Source data
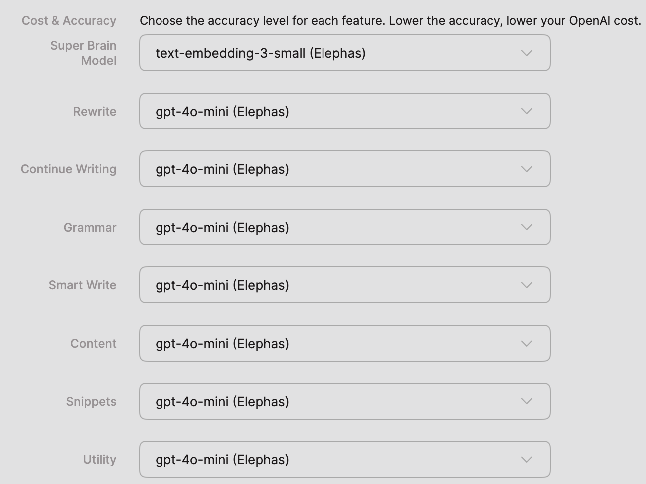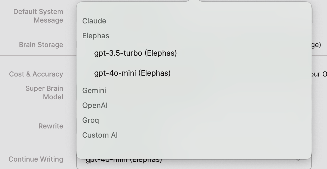 В настройках Elephas можно задать, с какой нейромоделью будет работать приложение. В списке есть популярные зарубежные нейронки, но вы можете загрузить собственную модель.
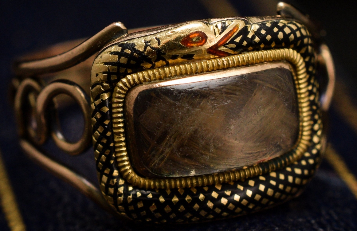 John Wilkinson made this locket in 1826 in Leeds, England. Today this display of affection for the deceased is generally frowned upon. Lacking photography, family members chose to keep a touchstone of their beloved as a memento. Not only did the jewelry serve as a memory of the deceased, it also served to remind the living that life is short. From Erica Weiner’s Antique Jewels we have a gold mourning ring with a lock of plaited hair mounted behind curved glass.
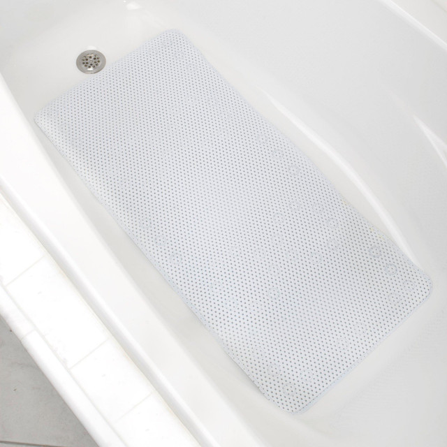 This tub mat features a solid color design on a cushioned waffle texture, skid resistant suction cups, and is treated with an agent to resist mildew. Tub mat measures 36in. L x 17in. W.
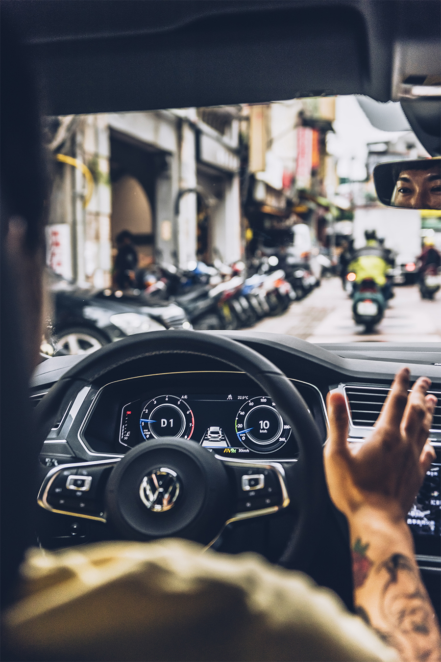 廢話不多說,就來試試這次新貨色吧,全面搭載的IQ.Drive到底能帶給我多少信心還不清楚,但前陣子才駛過的Focus確實有一套,同樣標榜擁有半自動駕駛系統的Tiguan,按理應當能給我同樣的回饋感受,擁有全速域(0-210km)的ACC系統,表示在靜止狀態下即能開啟作動,實際上也是如此沒太大問題,倒是能不能鎖定二輪這樣的小型標的物,讓我跟攝影Jackal存有疑問,等待紅燈的恰巧前方就有一輛機車,哇,真的能用ㄟ,而且作動過程還異常細膩,精準度也比Focus來的優異,車道偏移修正輔助也恰如其分不會讓駕駛膽顫心跳,所有的步驟皆暢快平順行雲流水不卡頓,如遇到突來的插隊車輛也能充容應付,IQ.Drive的火候已達成熟沒啥好挑剔的了。
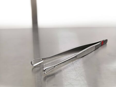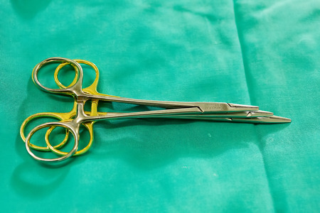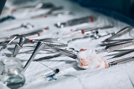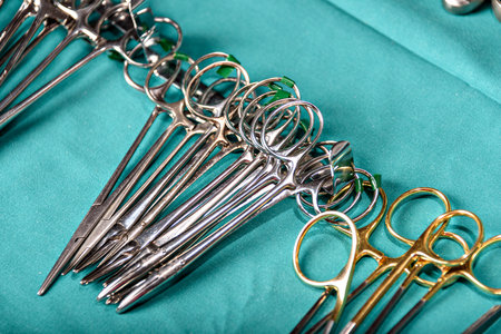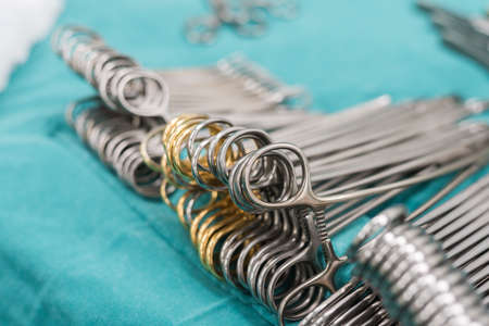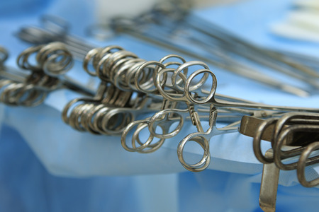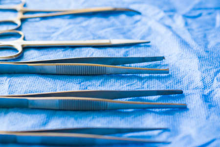 surgical instruments and tools including scalpels, forceps and tweezers arranged on a table for a surgery
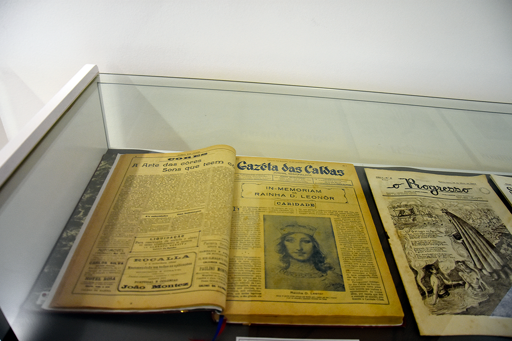 Em várias vitrines podem ser vistos o Livro do Compromisso, fundacional da Hospital Termal, várias referências a Gil Vicente, protegido de D. Leonor e que representou autos na cidade como foi o caso de Auto de S. Martinho que foi estreado na Igreja do Pópulo em 1504.
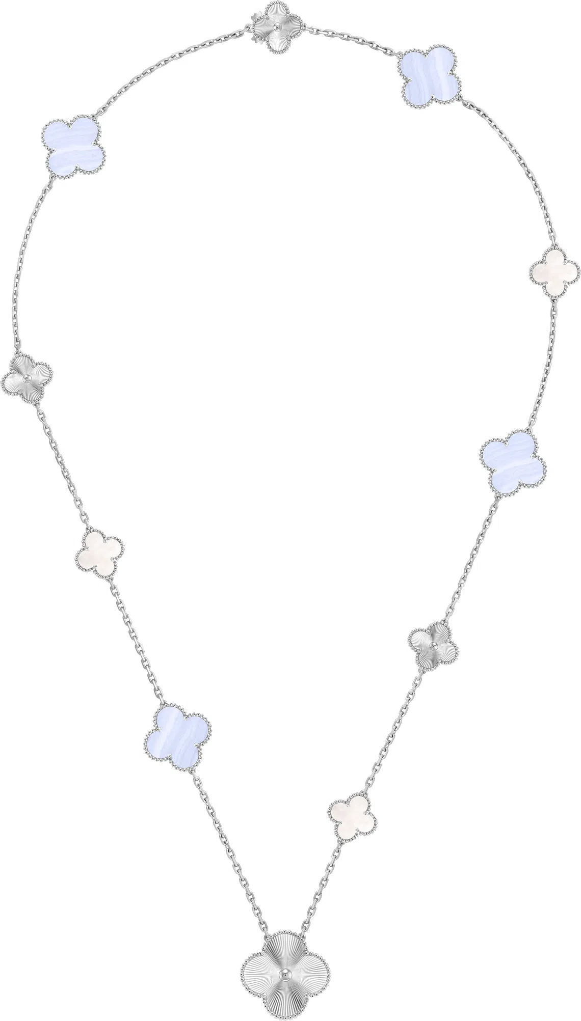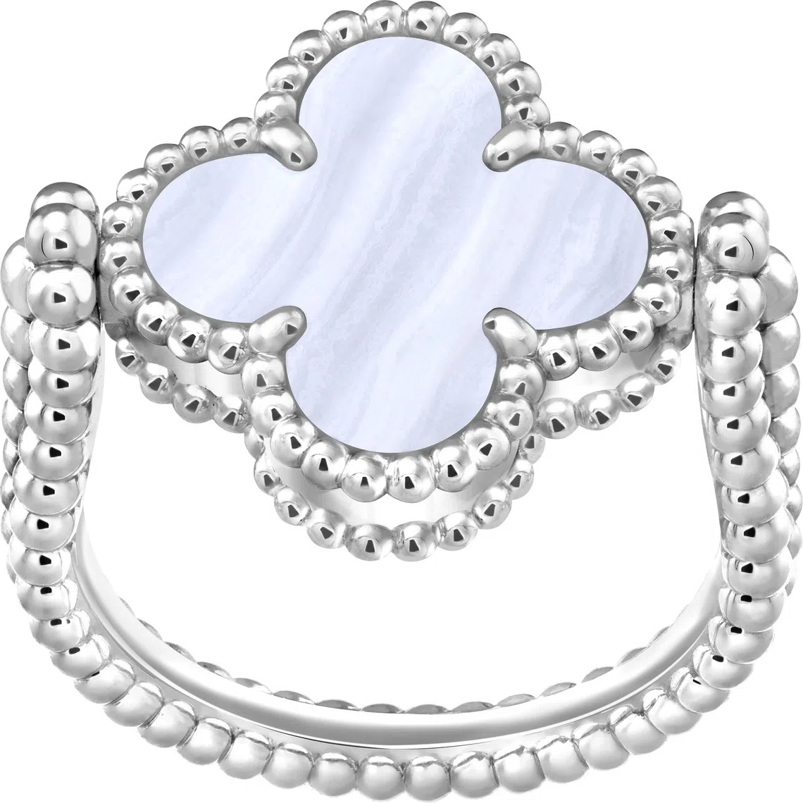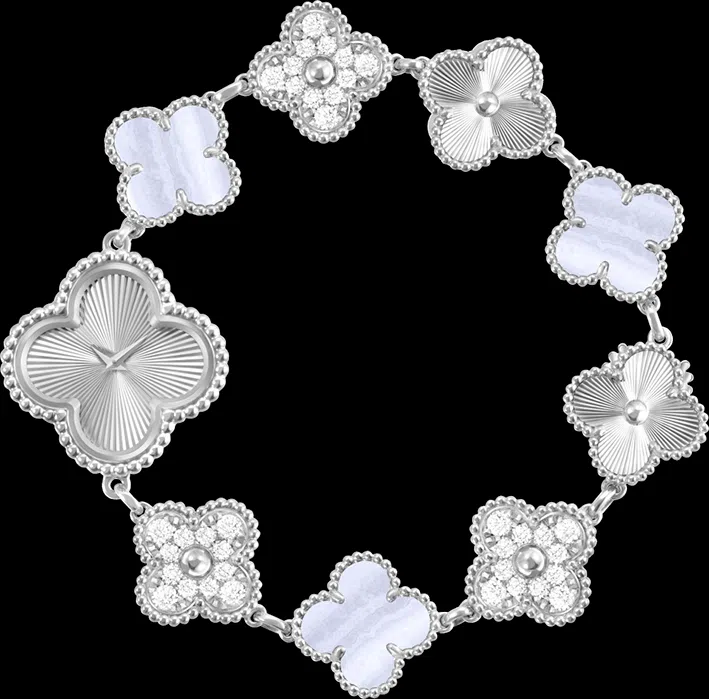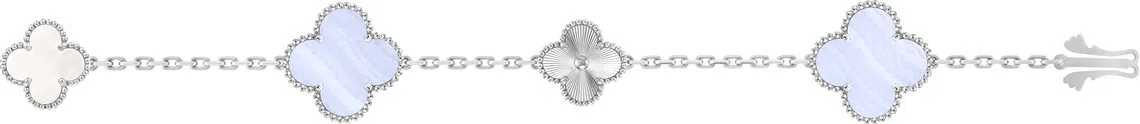 Not only that, they also come in two elegant colour combinations featuring ornamental stones and organic materials in the unmistakable Alhambra beaded contour. On one, the softness of rose gold sets off the iridescence of white and grey mother-of-pearl. On the other, pale blue chalcedony and lustrous white mother-of-pearl sit in the strength and brilliance of white gold.
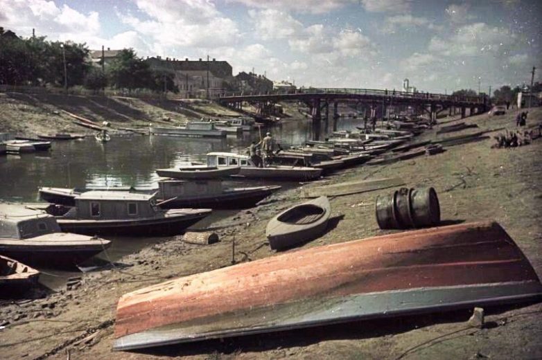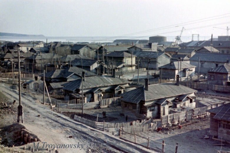 А я в эти годы жил в Воркуте и в памяти моей снег, сугробы и угольные ящики вдоль наших бараков. 9. Новое поколение москвичей наверное не знает, что в те годы централизованного отопления во всех домах еще не было, было много котельных, а в старых домах в каждой квартире печи для отопления и плиты для приготовления пищи. Дрова для плит и печей хранились в дровяных сараях, которые рядами тянулись по московским переулкам. Вот на фоне таких сараев и сфотографировали девчушку с котенком. 19. Город Тоёхара (ныне Южно-Сахалинск) расположен вдали, километрах в сорока, от моря. Так что на фото не Ю.Сахалинск, возможно Корсаков.
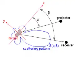 Targets do not reflect the sound omni-directionally. The mechanism of sound reflection (or scattering by the target) is complicated, because the target is not just a rigid sphere. Scattered sound level depends on the angle β from which the target is ensonified by the projector, and it also varies with angle scattering direction α (refer to local target axes Z{x,y}). These angles are often referred to as aspects. This scattered sound level vs (α, β) function is called the scattering pattern S(α, β). Direction of maximum echo (maximum of S(α, β)) also depends on target shape and inner structure. So sometimes the best ensonifying aspect is not the same as the best receive aspect.
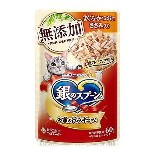 銀のスプーン パウチ 無添加 まぐろ・かつおにささみ入り 60g
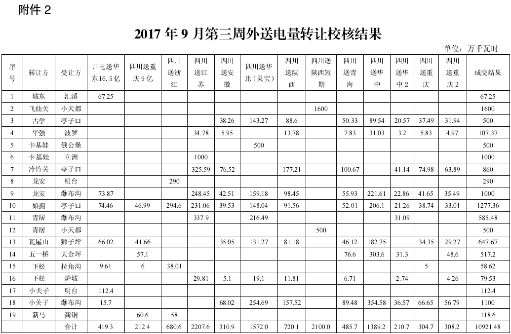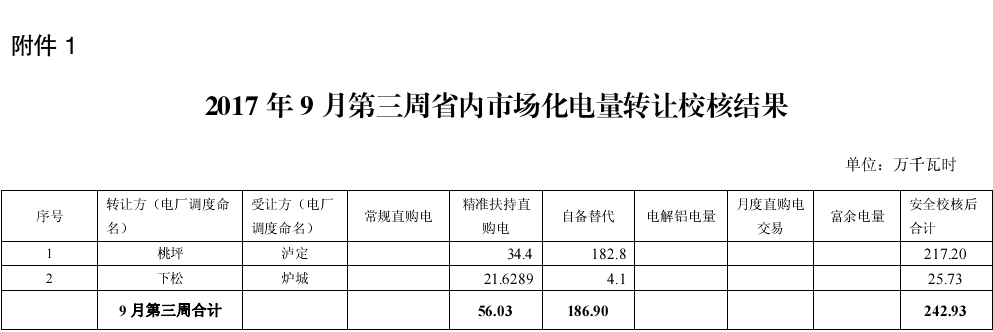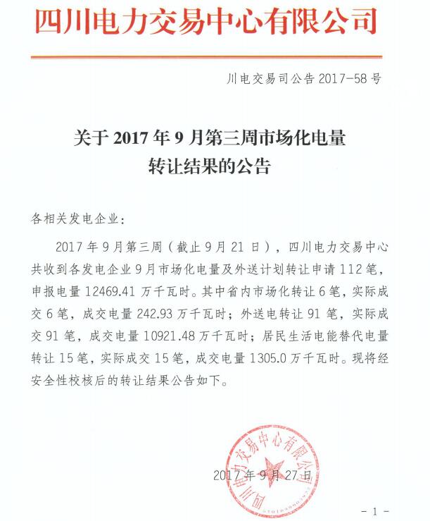2017年9月第三周四川市場(chǎng)化電量轉(zhuǎn)讓成交電量12469.41萬(wàn)千瓦時(shí)
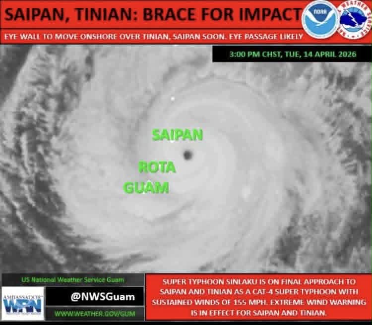 間もなく「台風の目」がサイパン上空に達するようで

Exercise objective :: For this exercise, return exactly the lines above from the line with "Em várias vitrines" through the line with "Not only that, they", both included. Do not copy the pictures.

Solution for this problem ::
 Em várias vitrines podem ser vistos o Livro do Compromisso, fundacional da Hospital Termal, várias referências a Gil Vicente, protegido de D. Leonor e que representou autos na cidade como foi o caso de Auto de S. Martinho que foi estreado na Igreja do Pópulo em 1504.
 Not only that, they also come in two elegant colour combinations featuring ornamental stones and organic materials in the unmistakable Alhambra beaded contour. On one, the softness of rose gold sets off the iridescence of white and grey mother-of-pearl. On the other, pale blue chalcedony and lustrous white mother-of-pearl sit in the strength and brilliance of white gold.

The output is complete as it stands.